** WHAT YOU NEED TO DO **
Repeat the records below exactly, leaving out any pictures.

** Stored items **
===
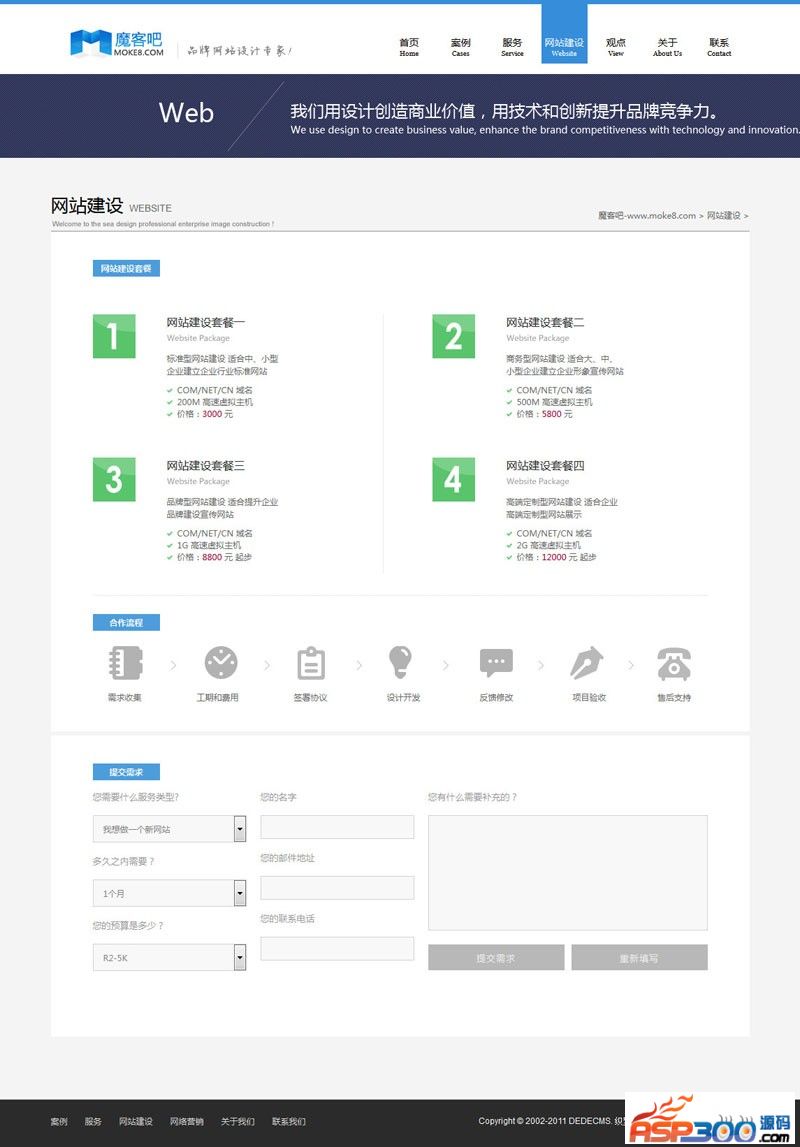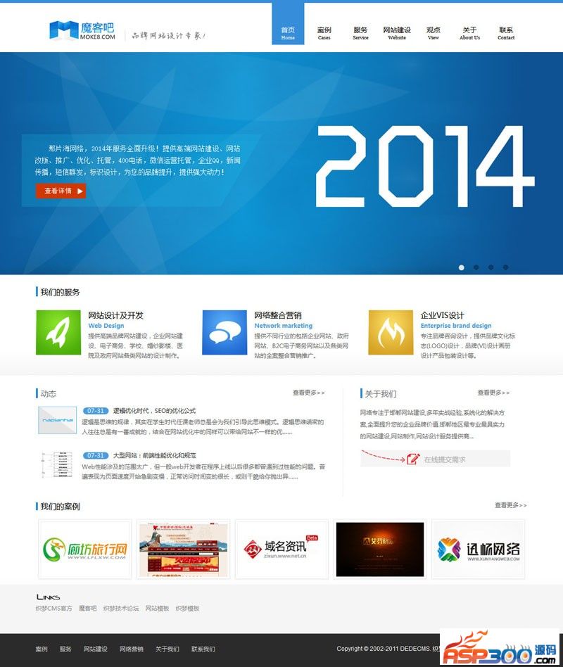 蓝色网站设计公司dedecms模板页面设计感强,交换性强,很适合网络公司实用。个人觉的此套模板的亮点在于导航的设计,个性漂亮,很有辨识度。整站采用了扁平化的设计,但又不失大气。配套的页面也是相当的完善的,是套整合型的全新网站。联系我们,关于我们,服务,观点等页面的内容需要大家自行打开模板文件进行修改。模板文件位于templets/keyinzy下,带有about字样的htm文件是关于我们页面,带有contact字样的htm文件是联系我们页面,其它的页面以此类推。整站源码经过魔客吧本地测试和调试,所有页面功能完整无错,大家可放心下载使用!
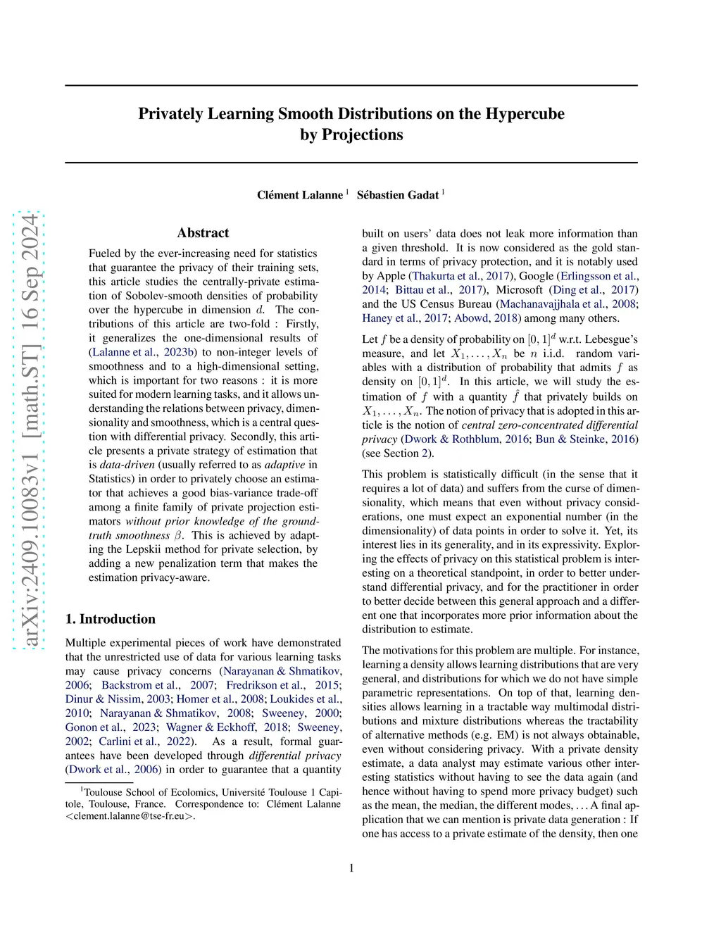 Fueled by the ever-increasing need for statistics that guarantee the privacy of their training sets, this article studies the centrally-private estimation of Sobolev-smooth densities of probability over the hypercube in dimension d. The contributions of this article are two-fold : Firstly, it generalizes the one dimensional results of (Lalanne et al., 2023) to non-integer levels of smoothness and to a high-dimensional setting, which is important for two reasons : it is more suited for modern learning tasks, and it allows understanding the relations between privacy, dimensionality and smoothness, which is a central question with differential privacy. Secondly, this article presents a private strategy of estimation that is data-driven (usually referred to as adaptive in Statistics) in order to privately choose an estimator that achieves a good bias-variance trade-off among a finite family of private projection estimators without prior knowledge of the ground-truth smoothness . This is achieved by adapting the Lepskii method for private selection, by adding a new penalization term that makes the estimation privacy-aware.
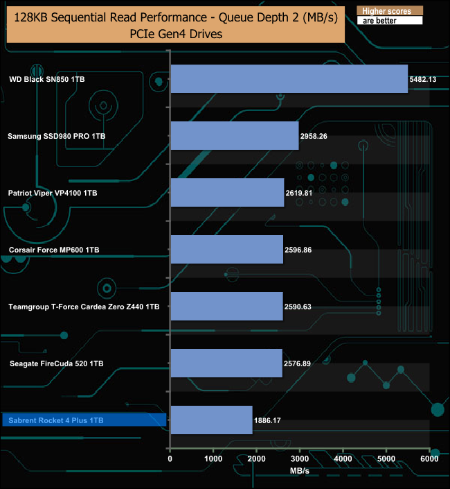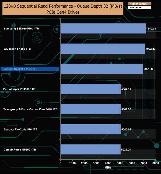 Compared to the other Gen 4 drives we've tested, the Sabrent Rocket 4 Plus sits at the bottom of our performance charts until the QD32 test where it steams up the chart to sit in third place behind the WD Black SN850 and the Samsung SSD980 PRO.
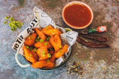כל המנות מוגשות עם רטבים לבחירה.
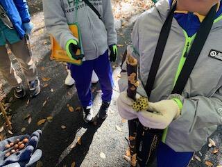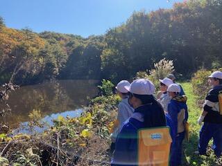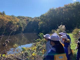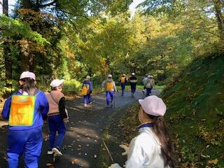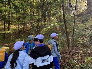 3・4年生は総合的な学習の時間で、本宮運動公園で森林学習を行いました。
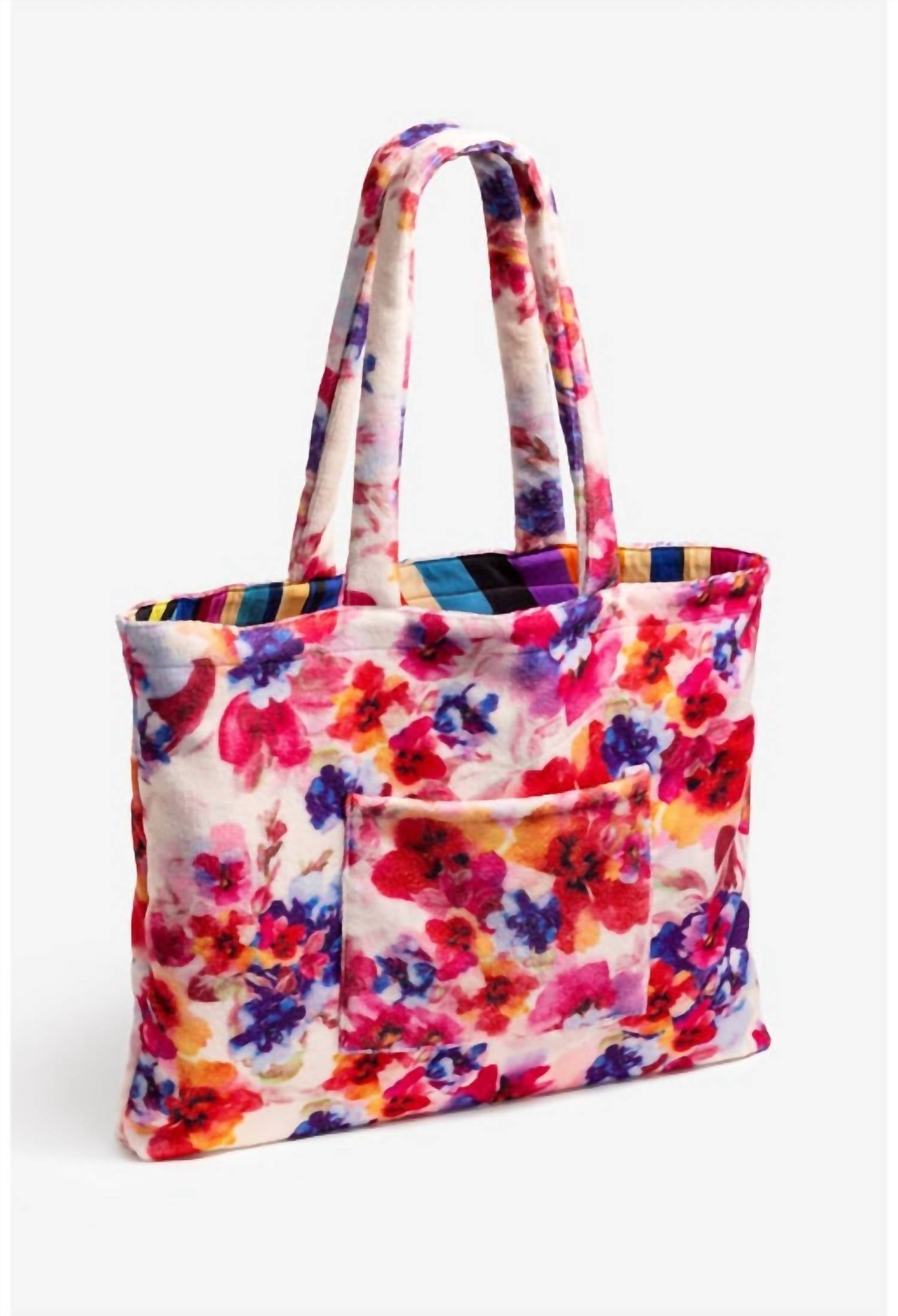 A bolsa tote multifuncional da estação. Entre no clima de férias com esta bolsa tote de tamanho perfeito, o acessório perfeito para dias de praia, festas na piscina ou jantares ao pôr do sol. A Bolsa de Praia Terry Summer Days é 100% algodão e apresenta cores vibrantes. Possui alças duplas e parte superior aberta para fácil acesso. Totalmente forrada, esta bolsa é reversível e inclui um bolso externo para itens menores. Combine-a com o biquíni Summer Days e chinelos confortáveis para um look perfeito para um dia de praia. 100% algodão
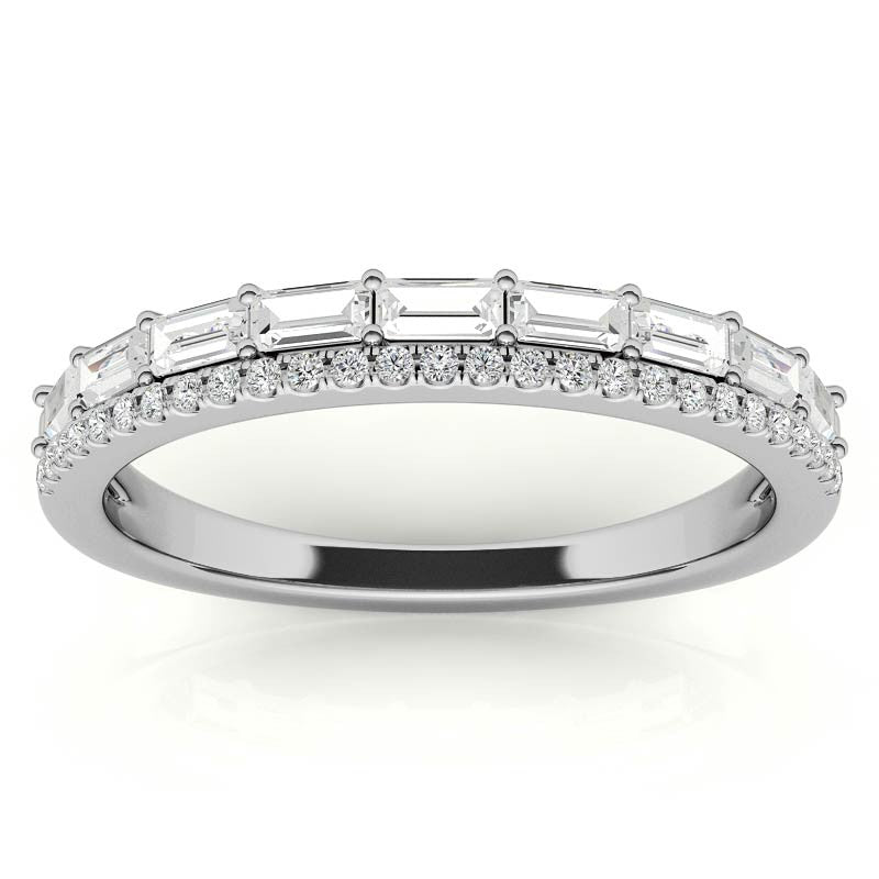 Each ring undergoes meticulous inspection and craftsmanship, ensuring the highest quality and excellence. Elevate your style with this 1.6 CT Round & Emerald Shape Moissanite Ring in 14k White Gold and make a statement that lasts a lifetime.
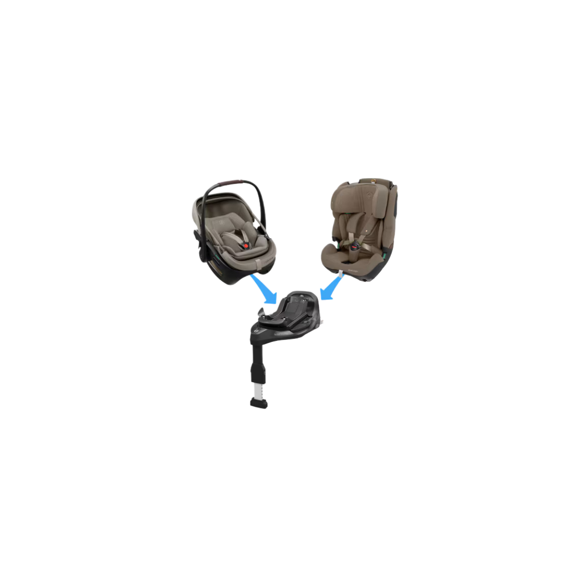 For Infants: You attach car seats from the 0-13 kg group (e.g., Pebble 360 Pro or the modular Coral Slide Pro).
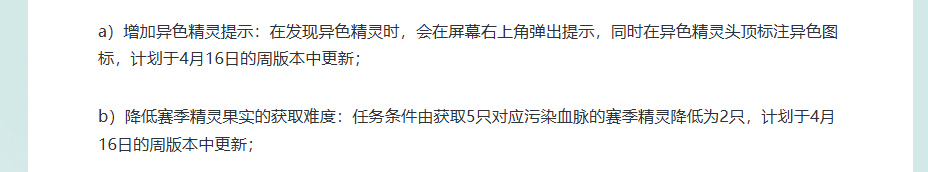 光是这两点,玩家就不用再像以前那样担心精灵球消耗,但想要大隐藏,还是得靠自己努力去抓,一视同仁。同时,在发现异色精灵之后,会增加视觉提醒。并且获取赛季精灵果实的难度也降低了(精灵果实是一种获得后便可保证该精灵持续稳定出现的内容)。
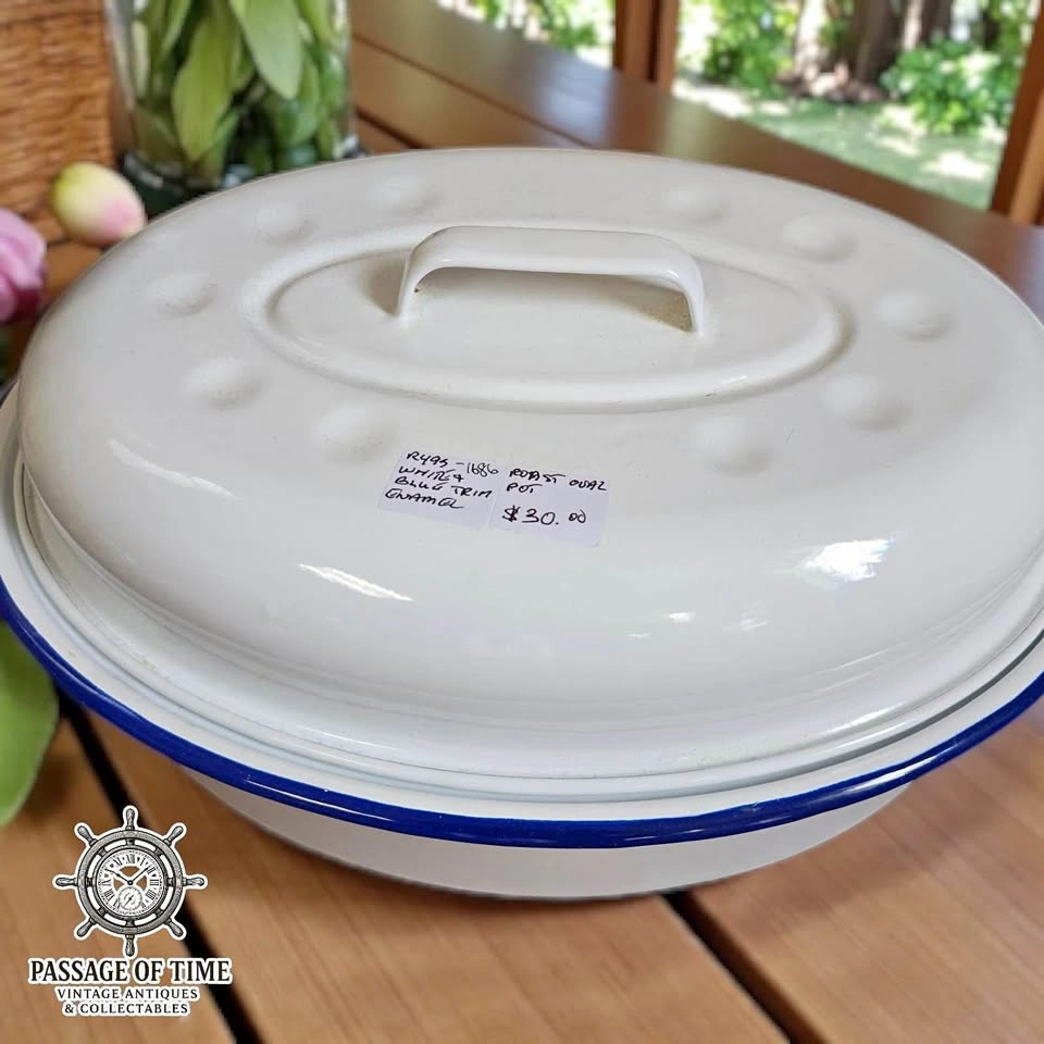Crafted for the home chef, this Vintage White & Blue Trim Enamel Oval Roast Pot brings a touch of elegance and durability to your kitchen collection. Its generous size is perfect for roasting meats and vegetables, ensuring your culinary creations are cooked to perfection while infusing your kitchen with a classic aesthetic. The pot features a robust white enamel finish with a chic blue trim that complements any kitchen decor. Whether you're hosting a dinner party or simply preparing a family meal, this versatile roast pot is an essential tool for any cooking enthusiast. It's a seamless blend of function and style that will be a valued addition to your kitchen repertoire. Condition: 9/10, like new in amazing condition inside and out Approx: 16” x 7” Large size
===
** SOLVED PROBLEM **
 蓝色网站设计公司dedecms模板页面设计感强,交换性强,很适合网络公司实用。个人觉的此套模板的亮点在于导航的设计,个性漂亮,很有辨识度。整站采用了扁平化的设计,但又不失大气。配套的页面也是相当的完善的,是套整合型的全新网站。联系我们,关于我们,服务,观点等页面的内容需要大家自行打开模板文件进行修改。模板文件位于templets/keyinzy下,带有about字样的htm文件是关于我们页面,带有contact字样的htm文件是联系我们页面,其它的页面以此类推。整站源码经过魔客吧本地测试和调试,所有页面功能完整无错,大家可放心下载使用!
 Fueled by the ever-increasing need for statistics that guarantee the privacy of their training sets, this article studies the centrally-private estimation of Sobolev-smooth densities of probability over the hypercube in dimension d. The contributions of this article are two-fold : Firstly, it generalizes the one dimensional results of (Lalanne et al., 2023) to non-integer levels of smoothness and to a high-dimensional setting, which is important for two reasons : it is more suited for modern learning tasks, and it allows understanding the relations between privacy, dimensionality and smoothness, which is a central question with differential privacy. Secondly, this article presents a private strategy of estimation that is data-driven (usually referred to as adaptive in Statistics) in order to privately choose an estimator that achieves a good bias-variance trade-off among a finite family of private projection estimators without prior knowledge of the ground-truth smoothness . This is achieved by adapting the Lepskii method for private selection, by adding a new penalization term that makes the estimation privacy-aware.
 Compared to the other Gen 4 drives we've tested, the Sabrent Rocket 4 Plus sits at the bottom of our performance charts until the QD32 test where it steams up the chart to sit in third place behind the WD Black SN850 and the Samsung SSD980 PRO.
כל המנות מוגשות עם רטבים לבחירה.
 3・4年生は総合的な学習の時間で、本宮運動公園で森林学習を行いました。
 A bolsa tote multifuncional da estação. Entre no clima de férias com esta bolsa tote de tamanho perfeito, o acessório perfeito para dias de praia, festas na piscina ou jantares ao pôr do sol. A Bolsa de Praia Terry Summer Days é 100% algodão e apresenta cores vibrantes. Possui alças duplas e parte superior aberta para fácil acesso. Totalmente forrada, esta bolsa é reversível e inclui um bolso externo para itens menores. Combine-a com o biquíni Summer Days e chinelos confortáveis para um look perfeito para um dia de praia. 100% algodão
 Each ring undergoes meticulous inspection and craftsmanship, ensuring the highest quality and excellence. Elevate your style with this 1.6 CT Round & Emerald Shape Moissanite Ring in 14k White Gold and make a statement that lasts a lifetime.
 For Infants: You attach car seats from the 0-13 kg group (e.g., Pebble 360 Pro or the modular Coral Slide Pro).
 光是这两点,玩家就不用再像以前那样担心精灵球消耗,但想要大隐藏,还是得靠自己努力去抓,一视同仁。同时,在发现异色精灵之后,会增加视觉提醒。并且获取赛季精灵果实的难度也降低了(精灵果实是一种获得后便可保证该精灵持续稳定出现的内容)。
Crafted for the home chef, this Vintage White & Blue Trim Enamel Oval Roast Pot brings a touch of elegance and durability to your kitchen collection. Its generous size is perfect for roasting meats and vegetables, ensuring your culinary creations are cooked to perfection while infusing your kitchen with a classic aesthetic. The pot features a robust white enamel finish with a chic blue trim that complements any kitchen decor. Whether you're hosting a dinner party or simply preparing a family meal, this versatile roast pot is an essential tool for any cooking enthusiast. It's a seamless blend of function and style that will be a valued addition to your kitchen repertoire. Condition: 9/10, like new in amazing condition inside and out Approx: 16” x 7” Large size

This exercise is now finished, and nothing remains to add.